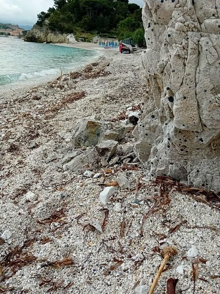 "E’ il caso della magnifica spiaggia di ciottoli bianchi della Padulella, dove intorno alle 8 di stamattina, - prosegue Legambiente - durante le operazioni di pulizia e livellamento Padulella, una ruspa evidentemente troppo grossa ha urtato uno sperone alla base della falesia di Capo Bianco, causando il distacco di una porzione di roccia".
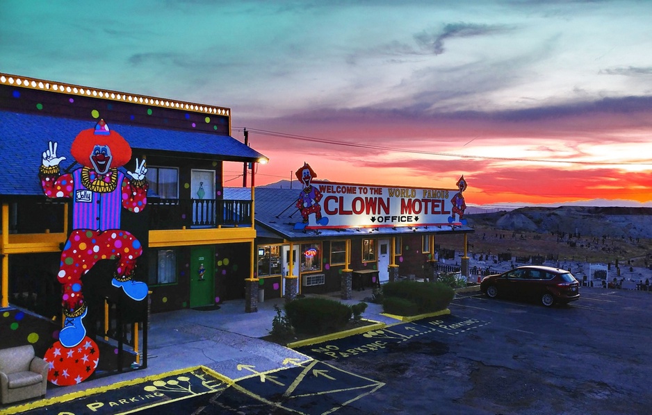 If you overcome your coulrophobia (fear of clowns), Clown Motel is an excellent place to take incredible shots!
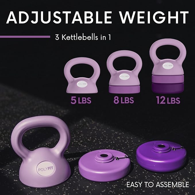 - GOOD FOR BEGINNERS TO PROS | 3 KETTLEBELLS IN 1. No need to purchase several kettlebells everytime you change your exercise routine! Polyfit's Adjustable Kettlebell is easy to adjust, perfect for any fitness newbie or for the enthusiast looking to challenge themselves a little more. With weights that you can easily add or remove, you can choose from 5 lbs, 8 lbs, or 12 lbs.
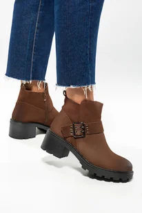 Brązowe botki skórzane damskie Sergio Leone na bieżnikowanym klocku ozdobny pasek z klamrą BT720-S-CA
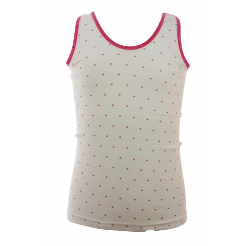 \\n 100% katoen, katoenen meisjes hemdje zonder zijnaden\\n\\n \\n bij de hals en de armsgaten met een elastisch boordje afgebiesd\\n \\n vanaf maat 140 heeft het hemdje elastische spaghetti bandjes\\n\\n\\n De kleur rose is uit de productie, dus nog maar beperkt leverbaar.\\n\\n \\n afm maat 104: lengte 44 cm / breedte 23 cm\\n \\n maat 116: lengte 47 cm / breedte 24 cm \\n\\n\\n \\n
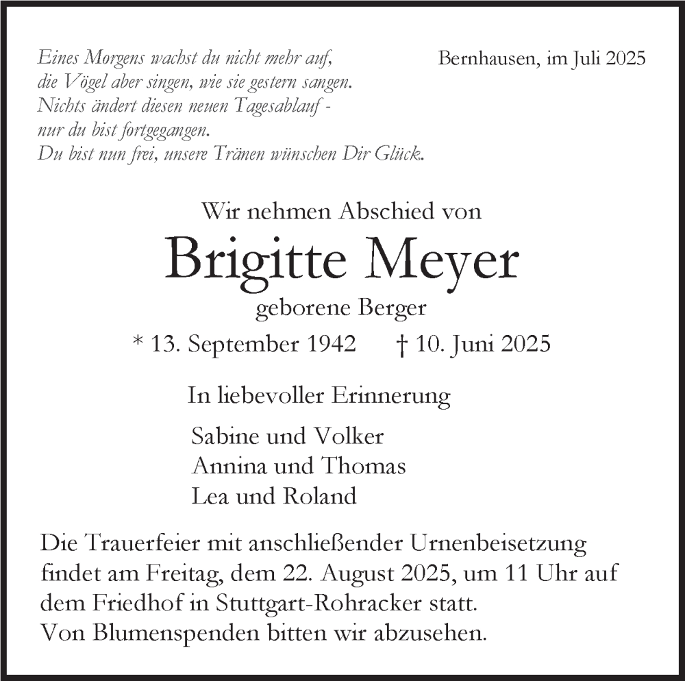 Hier finden Sie alle Traueranzeigen aus der Zeitung, die bisher für Brigitte Meyer erschienen sind. Weitere Traueranzeigen, die in der Zeitung erscheinen, werden hier ebenfalls aufgelistet
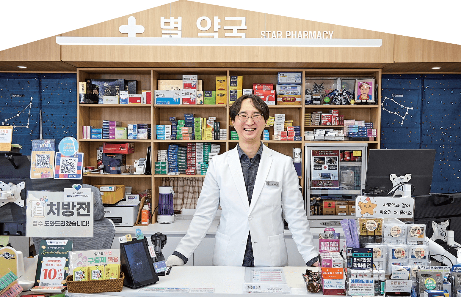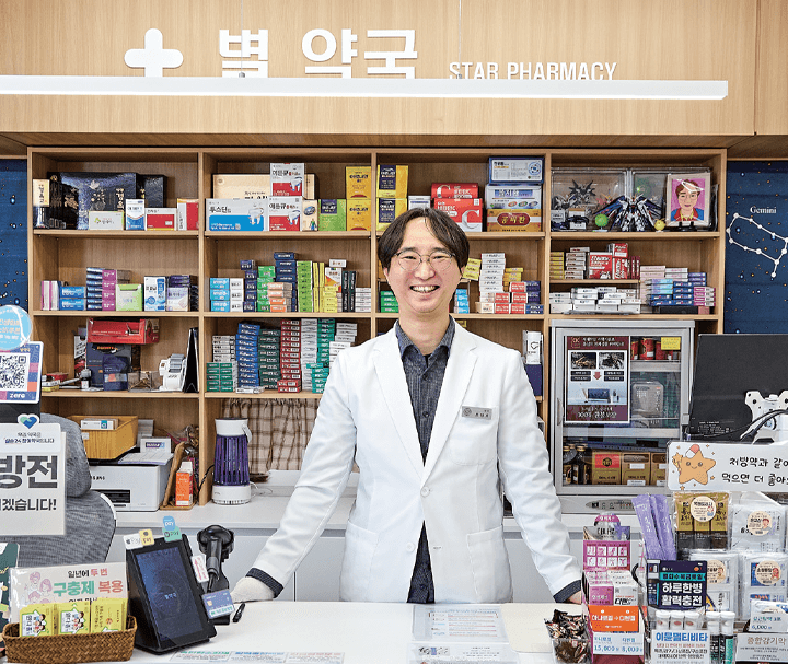 “지금의 별약국 자리를 선택한 이유 역시 감이 아닌 현실적인 판단에서 출발했습니다. 주변에 병원이 밀집해 있고, 직장인 유동 인구가 많아 안정적인 상권이라는 점이 가장 컸어요. 함께 출근하고 함께 퇴근하는 생활 리듬, 비교적 예측 가능한 근무 강도는 장기적인 운영을 생각할 때 중요한 기준이었죠.”

■ ■ ■ ■

[ABOUT THIS EXERCISE] Output the data exactly. Leave every picture out.

[SOLUTION FOR THIS TASK]
 "E’ il caso della magnifica spiaggia di ciottoli bianchi della Padulella, dove intorno alle 8 di stamattina, - prosegue Legambiente - durante le operazioni di pulizia e livellamento Padulella, una ruspa evidentemente troppo grossa ha urtato uno sperone alla base della falesia di Capo Bianco, causando il distacco di una porzione di roccia".
 If you overcome your coulrophobia (fear of clowns), Clown Motel is an excellent place to take incredible shots!
 - GOOD FOR BEGINNERS TO PROS | 3 KETTLEBELLS IN 1. No need to purchase several kettlebells everytime you change your exercise routine! Polyfit's Adjustable Kettlebell is easy to adjust, perfect for any fitness newbie or for the enthusiast looking to challenge themselves a little more. With weights that you can easily add or remove, you can choose from 5 lbs, 8 lbs, or 12 lbs.
 Brązowe botki skórzane damskie Sergio Leone na bieżnikowanym klocku ozdobny pasek z klamrą BT720-S-CA
 \\n 100% katoen, katoenen meisjes hemdje zonder zijnaden\\n\\n \\n bij de hals en de armsgaten met een elastisch boordje afgebiesd\\n \\n vanaf maat 140 heeft het hemdje elastische spaghetti bandjes\\n\\n\\n De kleur rose is uit de productie, dus nog maar beperkt leverbaar.\\n\\n \\n afm maat 104: lengte 44 cm / breedte 23 cm\\n \\n maat 116: lengte 47 cm / breedte 24 cm \\n\\n\\n \\n
 Hier finden Sie alle Traueranzeigen aus der Zeitung, die bisher für Brigitte Meyer erschienen sind. Weitere Traueranzeigen, die in der Zeitung erscheinen, werden hier ebenfalls aufgelistet
 “지금의 별약국 자리를 선택한 이유 역시 감이 아닌 현실적인 판단에서 출발했습니다. 주변에 병원이 밀집해 있고, 직장인 유동 인구가 많아 안정적인 상권이라는 점이 가장 컸어요. 함께 출근하고 함께 퇴근하는 생활 리듬, 비교적 예측 가능한 근무 강도는 장기적인 운영을 생각할 때 중요한 기준이었죠.”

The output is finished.